(WHAT YOU NEED TO DO): With the pictures left out, print exactly the lines below that run from the one containing "Ice Cream Sign" through the one containing "Speaker includes Prof".

(SUPPLIED RECORDS):
────
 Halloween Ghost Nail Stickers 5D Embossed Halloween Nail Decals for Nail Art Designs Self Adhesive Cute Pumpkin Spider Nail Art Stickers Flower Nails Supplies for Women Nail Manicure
────
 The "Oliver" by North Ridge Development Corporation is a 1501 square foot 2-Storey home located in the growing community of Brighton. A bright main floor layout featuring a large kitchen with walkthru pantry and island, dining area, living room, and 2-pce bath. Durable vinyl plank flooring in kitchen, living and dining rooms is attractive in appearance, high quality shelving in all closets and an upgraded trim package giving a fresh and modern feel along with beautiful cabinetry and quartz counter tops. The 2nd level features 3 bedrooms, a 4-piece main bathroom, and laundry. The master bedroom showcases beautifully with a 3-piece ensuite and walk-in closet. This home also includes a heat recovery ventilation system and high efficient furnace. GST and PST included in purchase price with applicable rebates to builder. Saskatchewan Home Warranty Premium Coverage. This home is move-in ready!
────
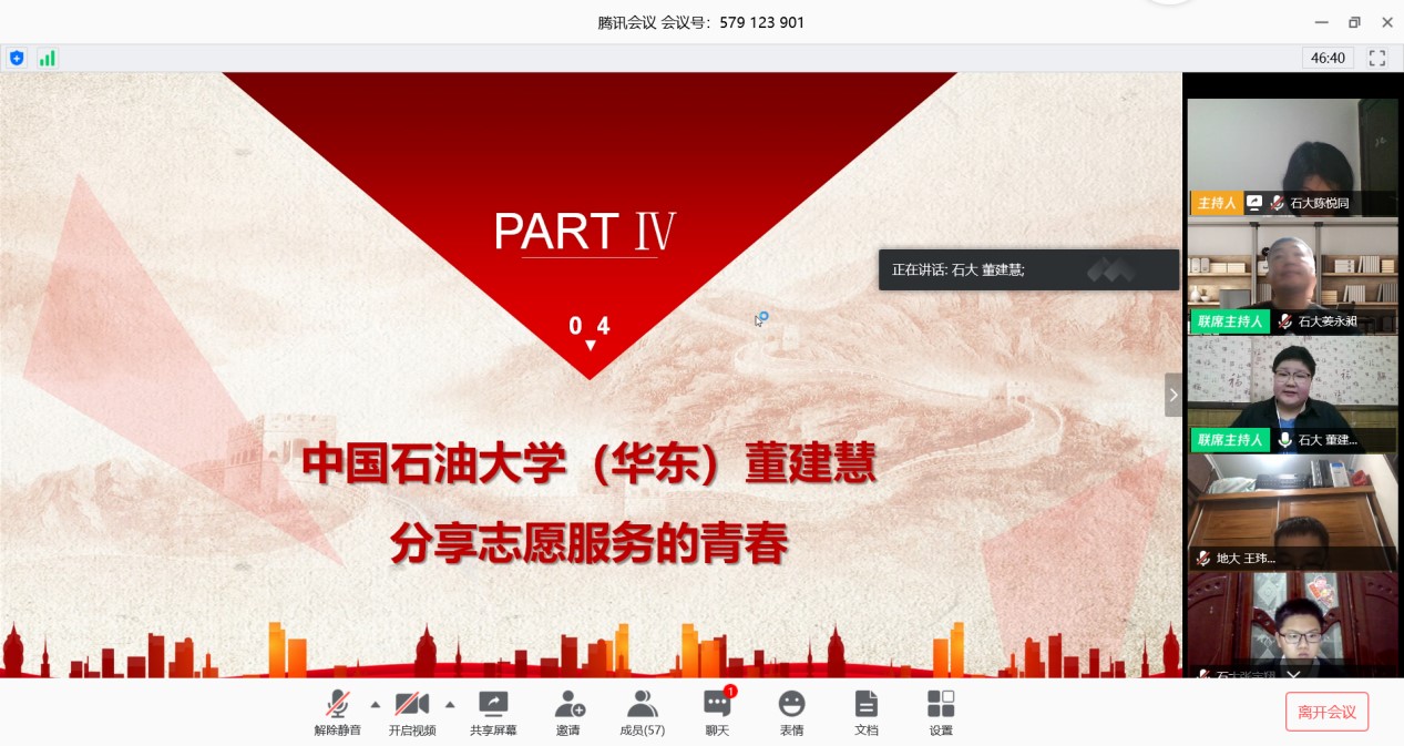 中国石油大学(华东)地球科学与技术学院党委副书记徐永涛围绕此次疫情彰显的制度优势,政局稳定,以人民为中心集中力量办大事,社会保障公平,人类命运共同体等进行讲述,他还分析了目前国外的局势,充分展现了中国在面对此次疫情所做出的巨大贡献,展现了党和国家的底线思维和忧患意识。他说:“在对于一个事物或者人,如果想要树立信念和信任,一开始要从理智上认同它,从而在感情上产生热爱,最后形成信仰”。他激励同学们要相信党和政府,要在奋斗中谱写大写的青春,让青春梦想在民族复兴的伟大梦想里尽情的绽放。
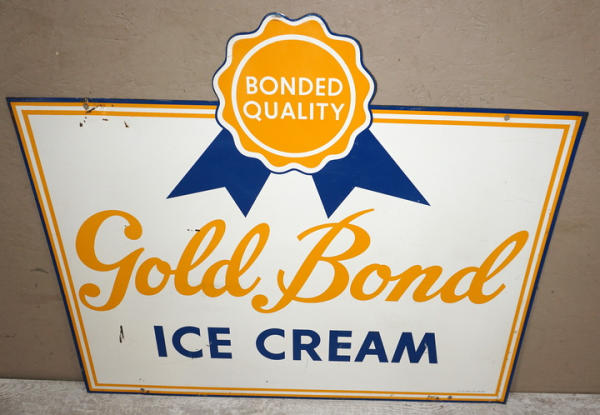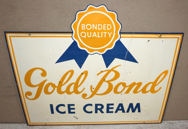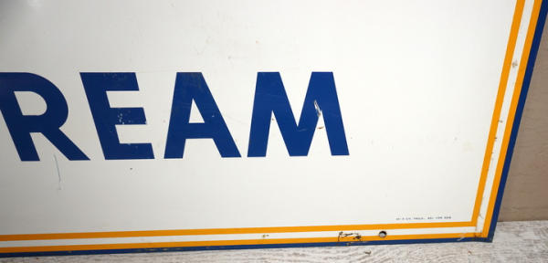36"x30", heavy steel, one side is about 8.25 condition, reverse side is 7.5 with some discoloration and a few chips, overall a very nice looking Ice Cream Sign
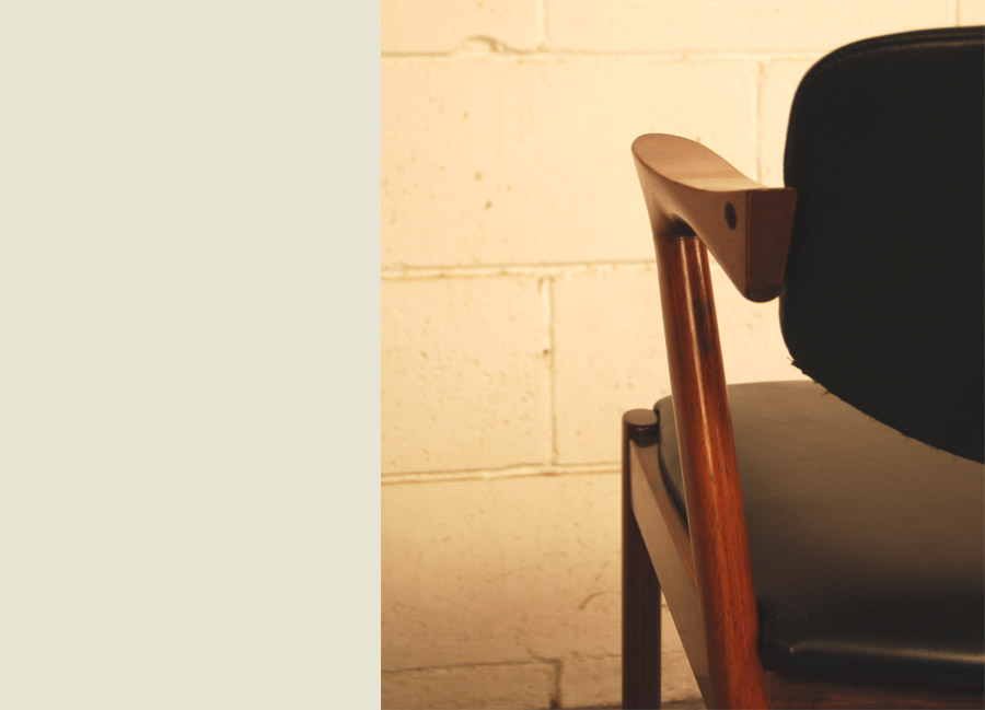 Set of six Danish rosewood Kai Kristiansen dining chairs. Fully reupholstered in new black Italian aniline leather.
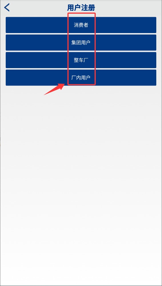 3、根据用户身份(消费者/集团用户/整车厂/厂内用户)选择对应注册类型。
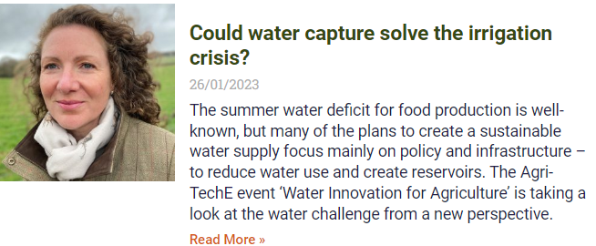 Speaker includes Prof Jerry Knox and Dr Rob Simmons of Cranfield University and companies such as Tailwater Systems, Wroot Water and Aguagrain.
────
(TASK ANSWER):
36"x30", heavy steel, one side is about 8.25 condition, reverse side is 7.5 with some discoloration and a few chips, overall a very nice looking Ice Cream Sign
 Set of six Danish rosewood Kai Kristiansen dining chairs. Fully reupholstered in new black Italian aniline leather.
 3、根据用户身份(消费者/集团用户/整车厂/厂内用户)选择对应注册类型。
 Speaker includes Prof Jerry Knox and Dr Rob Simmons of Cranfield University and companies such as Tailwater Systems, Wroot Water and Aguagrain.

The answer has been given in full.